▶ _Your objective_
Return every line from the one with "校党委副书记林艺勇、校团委书" through the one with "四区间上期小面积减少落号,一", inclusive, exactly as it appears below.

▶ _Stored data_
******************************
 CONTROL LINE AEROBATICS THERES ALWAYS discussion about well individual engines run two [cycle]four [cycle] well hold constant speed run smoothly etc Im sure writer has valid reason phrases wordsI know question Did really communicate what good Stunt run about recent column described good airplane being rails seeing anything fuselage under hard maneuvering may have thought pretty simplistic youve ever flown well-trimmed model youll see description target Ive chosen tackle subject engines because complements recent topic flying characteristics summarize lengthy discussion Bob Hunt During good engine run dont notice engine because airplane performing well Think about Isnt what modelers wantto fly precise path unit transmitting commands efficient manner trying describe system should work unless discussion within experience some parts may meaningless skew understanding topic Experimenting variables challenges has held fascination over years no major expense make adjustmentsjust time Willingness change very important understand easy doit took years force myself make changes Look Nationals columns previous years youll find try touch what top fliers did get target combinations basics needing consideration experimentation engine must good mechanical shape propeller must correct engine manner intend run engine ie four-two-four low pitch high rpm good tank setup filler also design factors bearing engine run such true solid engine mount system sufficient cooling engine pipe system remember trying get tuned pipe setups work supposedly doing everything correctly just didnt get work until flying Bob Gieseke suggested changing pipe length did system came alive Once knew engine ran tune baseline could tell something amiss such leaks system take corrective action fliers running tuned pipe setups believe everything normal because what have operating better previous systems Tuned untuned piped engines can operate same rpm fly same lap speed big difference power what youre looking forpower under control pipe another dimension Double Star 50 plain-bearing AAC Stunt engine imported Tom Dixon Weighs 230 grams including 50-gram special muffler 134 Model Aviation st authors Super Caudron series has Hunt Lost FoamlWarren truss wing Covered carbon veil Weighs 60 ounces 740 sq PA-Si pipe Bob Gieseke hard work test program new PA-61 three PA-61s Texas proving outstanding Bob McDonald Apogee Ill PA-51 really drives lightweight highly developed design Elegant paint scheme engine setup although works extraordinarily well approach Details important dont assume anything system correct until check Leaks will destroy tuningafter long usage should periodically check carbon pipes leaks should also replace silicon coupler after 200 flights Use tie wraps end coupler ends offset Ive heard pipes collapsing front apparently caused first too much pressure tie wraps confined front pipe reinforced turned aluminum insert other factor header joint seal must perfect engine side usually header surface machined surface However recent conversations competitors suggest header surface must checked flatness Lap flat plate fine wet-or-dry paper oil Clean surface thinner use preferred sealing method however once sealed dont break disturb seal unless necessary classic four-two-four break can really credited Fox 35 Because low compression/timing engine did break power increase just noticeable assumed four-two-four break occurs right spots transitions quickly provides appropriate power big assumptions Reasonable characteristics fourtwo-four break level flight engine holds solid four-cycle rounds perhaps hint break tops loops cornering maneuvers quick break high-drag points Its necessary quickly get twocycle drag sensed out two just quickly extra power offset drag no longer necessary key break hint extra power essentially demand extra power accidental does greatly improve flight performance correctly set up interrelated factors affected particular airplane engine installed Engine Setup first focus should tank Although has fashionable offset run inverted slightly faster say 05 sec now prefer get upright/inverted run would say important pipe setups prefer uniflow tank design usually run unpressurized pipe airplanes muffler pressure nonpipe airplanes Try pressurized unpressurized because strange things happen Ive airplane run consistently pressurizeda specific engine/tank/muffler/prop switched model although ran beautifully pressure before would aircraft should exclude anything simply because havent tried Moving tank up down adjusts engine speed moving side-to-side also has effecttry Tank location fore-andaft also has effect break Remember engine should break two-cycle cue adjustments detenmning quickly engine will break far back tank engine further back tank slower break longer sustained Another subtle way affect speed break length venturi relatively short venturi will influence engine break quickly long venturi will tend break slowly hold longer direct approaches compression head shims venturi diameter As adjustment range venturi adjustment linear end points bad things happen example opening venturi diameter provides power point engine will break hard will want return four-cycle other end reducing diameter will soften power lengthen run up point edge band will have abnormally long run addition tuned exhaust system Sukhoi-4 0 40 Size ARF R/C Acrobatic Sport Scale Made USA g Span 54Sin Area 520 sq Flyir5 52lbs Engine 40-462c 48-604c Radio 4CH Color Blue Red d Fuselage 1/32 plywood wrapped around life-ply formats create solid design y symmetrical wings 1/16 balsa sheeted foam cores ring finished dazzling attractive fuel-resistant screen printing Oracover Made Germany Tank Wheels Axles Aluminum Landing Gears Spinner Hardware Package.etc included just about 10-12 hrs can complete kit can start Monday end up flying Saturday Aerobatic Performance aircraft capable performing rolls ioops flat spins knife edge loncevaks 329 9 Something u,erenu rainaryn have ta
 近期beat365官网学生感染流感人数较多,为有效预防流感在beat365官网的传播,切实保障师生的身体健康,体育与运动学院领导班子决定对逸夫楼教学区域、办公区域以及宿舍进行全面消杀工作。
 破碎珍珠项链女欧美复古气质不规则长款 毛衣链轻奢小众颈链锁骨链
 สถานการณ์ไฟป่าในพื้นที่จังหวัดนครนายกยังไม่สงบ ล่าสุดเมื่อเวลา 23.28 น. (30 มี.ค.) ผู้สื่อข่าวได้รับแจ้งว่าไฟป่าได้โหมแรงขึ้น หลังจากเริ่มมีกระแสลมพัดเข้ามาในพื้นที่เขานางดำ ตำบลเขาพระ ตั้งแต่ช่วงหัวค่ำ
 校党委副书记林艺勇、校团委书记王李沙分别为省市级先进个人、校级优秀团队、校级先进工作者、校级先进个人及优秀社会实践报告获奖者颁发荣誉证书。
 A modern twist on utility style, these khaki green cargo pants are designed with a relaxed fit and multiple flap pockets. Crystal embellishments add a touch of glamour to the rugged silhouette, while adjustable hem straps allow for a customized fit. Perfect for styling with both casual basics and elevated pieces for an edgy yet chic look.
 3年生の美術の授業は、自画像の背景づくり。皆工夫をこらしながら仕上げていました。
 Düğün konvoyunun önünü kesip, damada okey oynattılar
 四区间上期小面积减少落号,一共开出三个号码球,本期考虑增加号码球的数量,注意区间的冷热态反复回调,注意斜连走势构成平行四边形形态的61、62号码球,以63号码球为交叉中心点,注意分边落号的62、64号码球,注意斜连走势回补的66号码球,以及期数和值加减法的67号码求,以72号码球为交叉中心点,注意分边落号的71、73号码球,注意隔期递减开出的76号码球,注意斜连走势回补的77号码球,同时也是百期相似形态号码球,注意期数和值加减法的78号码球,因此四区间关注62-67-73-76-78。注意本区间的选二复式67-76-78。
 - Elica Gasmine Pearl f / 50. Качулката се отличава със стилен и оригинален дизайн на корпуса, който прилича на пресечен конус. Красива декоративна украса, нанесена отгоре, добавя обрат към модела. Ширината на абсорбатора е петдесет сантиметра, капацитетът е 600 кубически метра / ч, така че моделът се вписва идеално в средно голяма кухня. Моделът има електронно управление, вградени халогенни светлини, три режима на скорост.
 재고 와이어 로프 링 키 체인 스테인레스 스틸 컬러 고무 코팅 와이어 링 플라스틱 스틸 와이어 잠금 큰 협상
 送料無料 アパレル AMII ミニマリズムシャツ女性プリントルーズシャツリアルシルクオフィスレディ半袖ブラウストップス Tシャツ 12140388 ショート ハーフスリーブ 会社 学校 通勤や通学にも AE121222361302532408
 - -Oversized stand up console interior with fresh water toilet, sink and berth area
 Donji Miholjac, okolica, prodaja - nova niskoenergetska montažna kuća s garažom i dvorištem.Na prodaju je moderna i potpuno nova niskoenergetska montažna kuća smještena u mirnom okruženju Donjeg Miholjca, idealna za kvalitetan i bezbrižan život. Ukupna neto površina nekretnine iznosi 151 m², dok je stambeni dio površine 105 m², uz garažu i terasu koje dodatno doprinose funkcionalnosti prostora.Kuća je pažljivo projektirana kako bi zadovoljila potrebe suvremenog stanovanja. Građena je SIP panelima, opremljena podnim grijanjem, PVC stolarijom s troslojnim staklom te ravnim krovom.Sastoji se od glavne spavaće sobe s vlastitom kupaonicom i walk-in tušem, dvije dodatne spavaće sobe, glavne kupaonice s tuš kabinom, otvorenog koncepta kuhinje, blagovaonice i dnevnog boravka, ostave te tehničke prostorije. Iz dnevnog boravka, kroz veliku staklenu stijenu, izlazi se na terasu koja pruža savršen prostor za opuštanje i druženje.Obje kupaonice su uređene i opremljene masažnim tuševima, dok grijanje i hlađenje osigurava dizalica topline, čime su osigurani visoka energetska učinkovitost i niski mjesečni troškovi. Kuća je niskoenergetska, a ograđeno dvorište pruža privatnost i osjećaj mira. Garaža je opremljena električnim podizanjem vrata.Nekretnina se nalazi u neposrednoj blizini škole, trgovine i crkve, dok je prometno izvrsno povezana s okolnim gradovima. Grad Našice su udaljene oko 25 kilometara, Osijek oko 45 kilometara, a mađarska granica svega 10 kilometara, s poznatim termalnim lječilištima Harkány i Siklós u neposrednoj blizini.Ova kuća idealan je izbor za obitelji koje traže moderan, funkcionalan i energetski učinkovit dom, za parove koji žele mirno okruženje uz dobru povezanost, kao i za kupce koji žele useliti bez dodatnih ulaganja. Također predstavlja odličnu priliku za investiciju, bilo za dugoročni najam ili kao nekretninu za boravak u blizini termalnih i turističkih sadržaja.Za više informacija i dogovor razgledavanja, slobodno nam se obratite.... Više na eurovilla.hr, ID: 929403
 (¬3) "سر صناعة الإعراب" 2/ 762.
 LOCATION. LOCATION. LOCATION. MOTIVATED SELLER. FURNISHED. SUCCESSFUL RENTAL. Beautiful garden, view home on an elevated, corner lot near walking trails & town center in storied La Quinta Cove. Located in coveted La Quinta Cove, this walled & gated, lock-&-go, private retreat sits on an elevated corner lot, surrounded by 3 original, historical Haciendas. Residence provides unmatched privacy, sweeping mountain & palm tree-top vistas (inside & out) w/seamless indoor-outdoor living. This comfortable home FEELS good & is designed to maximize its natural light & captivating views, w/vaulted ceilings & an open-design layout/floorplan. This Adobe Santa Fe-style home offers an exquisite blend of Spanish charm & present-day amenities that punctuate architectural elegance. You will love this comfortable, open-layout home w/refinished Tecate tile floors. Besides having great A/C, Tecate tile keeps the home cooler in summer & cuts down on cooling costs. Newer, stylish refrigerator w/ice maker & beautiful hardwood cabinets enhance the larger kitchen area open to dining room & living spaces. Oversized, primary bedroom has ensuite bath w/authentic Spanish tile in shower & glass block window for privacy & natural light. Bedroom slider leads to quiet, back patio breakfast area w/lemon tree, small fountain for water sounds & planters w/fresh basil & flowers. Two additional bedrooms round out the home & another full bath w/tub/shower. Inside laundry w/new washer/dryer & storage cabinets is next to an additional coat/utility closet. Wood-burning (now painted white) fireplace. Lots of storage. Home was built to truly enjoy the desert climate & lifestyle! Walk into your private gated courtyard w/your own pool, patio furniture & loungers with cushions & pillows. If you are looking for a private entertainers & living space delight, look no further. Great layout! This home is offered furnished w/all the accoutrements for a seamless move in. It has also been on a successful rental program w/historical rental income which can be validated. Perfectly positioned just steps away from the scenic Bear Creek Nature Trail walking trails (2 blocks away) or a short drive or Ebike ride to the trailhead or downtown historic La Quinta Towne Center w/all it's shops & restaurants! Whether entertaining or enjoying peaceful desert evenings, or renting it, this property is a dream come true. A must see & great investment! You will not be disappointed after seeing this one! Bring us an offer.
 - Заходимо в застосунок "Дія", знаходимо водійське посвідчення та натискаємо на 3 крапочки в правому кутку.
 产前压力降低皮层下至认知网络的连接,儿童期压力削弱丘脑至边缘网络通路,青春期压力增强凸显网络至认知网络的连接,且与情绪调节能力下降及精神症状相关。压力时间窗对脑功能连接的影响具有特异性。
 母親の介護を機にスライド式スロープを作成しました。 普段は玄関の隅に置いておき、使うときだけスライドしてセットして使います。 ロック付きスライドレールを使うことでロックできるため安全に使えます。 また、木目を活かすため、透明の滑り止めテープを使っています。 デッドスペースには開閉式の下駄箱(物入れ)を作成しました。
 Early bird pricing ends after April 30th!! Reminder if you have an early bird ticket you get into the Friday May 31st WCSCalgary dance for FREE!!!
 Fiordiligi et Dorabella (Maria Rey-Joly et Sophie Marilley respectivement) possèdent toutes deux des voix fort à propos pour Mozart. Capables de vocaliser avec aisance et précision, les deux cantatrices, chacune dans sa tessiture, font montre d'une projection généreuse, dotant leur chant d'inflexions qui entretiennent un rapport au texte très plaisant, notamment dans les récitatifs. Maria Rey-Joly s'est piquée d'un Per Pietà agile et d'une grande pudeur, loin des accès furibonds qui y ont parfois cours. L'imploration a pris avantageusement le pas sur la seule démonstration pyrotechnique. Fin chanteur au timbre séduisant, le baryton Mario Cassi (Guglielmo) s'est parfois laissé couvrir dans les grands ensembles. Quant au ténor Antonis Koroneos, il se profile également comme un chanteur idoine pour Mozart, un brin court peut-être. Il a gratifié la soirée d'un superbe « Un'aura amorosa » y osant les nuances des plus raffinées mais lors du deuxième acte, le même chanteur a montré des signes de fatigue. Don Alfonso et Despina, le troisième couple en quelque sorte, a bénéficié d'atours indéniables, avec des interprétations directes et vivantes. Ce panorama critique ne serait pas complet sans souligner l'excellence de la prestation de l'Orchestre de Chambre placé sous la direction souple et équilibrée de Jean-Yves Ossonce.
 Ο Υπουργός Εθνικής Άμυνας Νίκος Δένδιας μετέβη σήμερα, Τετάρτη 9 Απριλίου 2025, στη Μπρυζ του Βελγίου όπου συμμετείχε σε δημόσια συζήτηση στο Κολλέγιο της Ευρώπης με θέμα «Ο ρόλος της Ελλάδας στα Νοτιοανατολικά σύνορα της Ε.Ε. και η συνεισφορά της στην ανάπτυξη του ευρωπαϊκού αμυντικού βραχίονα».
******************************
▶ _Worked solution_
 校党委副书记林艺勇、校团委书记王李沙分别为省市级先进个人、校级优秀团队、校级先进工作者、校级先进个人及优秀社会实践报告获奖者颁发荣誉证书。
 A modern twist on utility style, these khaki green cargo pants are designed with a relaxed fit and multiple flap pockets. Crystal embellishments add a touch of glamour to the rugged silhouette, while adjustable hem straps allow for a customized fit. Perfect for styling with both casual basics and elevated pieces for an edgy yet chic look.
 3年生の美術の授業は、自画像の背景づくり。皆工夫をこらしながら仕上げていました。
 Düğün konvoyunun önünü kesip, damada okey oynattılar
 四区间上期小面积减少落号,一共开出三个号码球,本期考虑增加号码球的数量,注意区间的冷热态反复回调,注意斜连走势构成平行四边形形态的61、62号码球,以63号码球为交叉中心点,注意分边落号的62、64号码球,注意斜连走势回补的66号码球,以及期数和值加减法的67号码求,以72号码球为交叉中心点,注意分边落号的71、73号码球,注意隔期递减开出的76号码球,注意斜连走势回补的77号码球,同时也是百期相似形态号码球,注意期数和值加减法的78号码球,因此四区间关注62-67-73-76-78。注意本区间的选二复式67-76-78。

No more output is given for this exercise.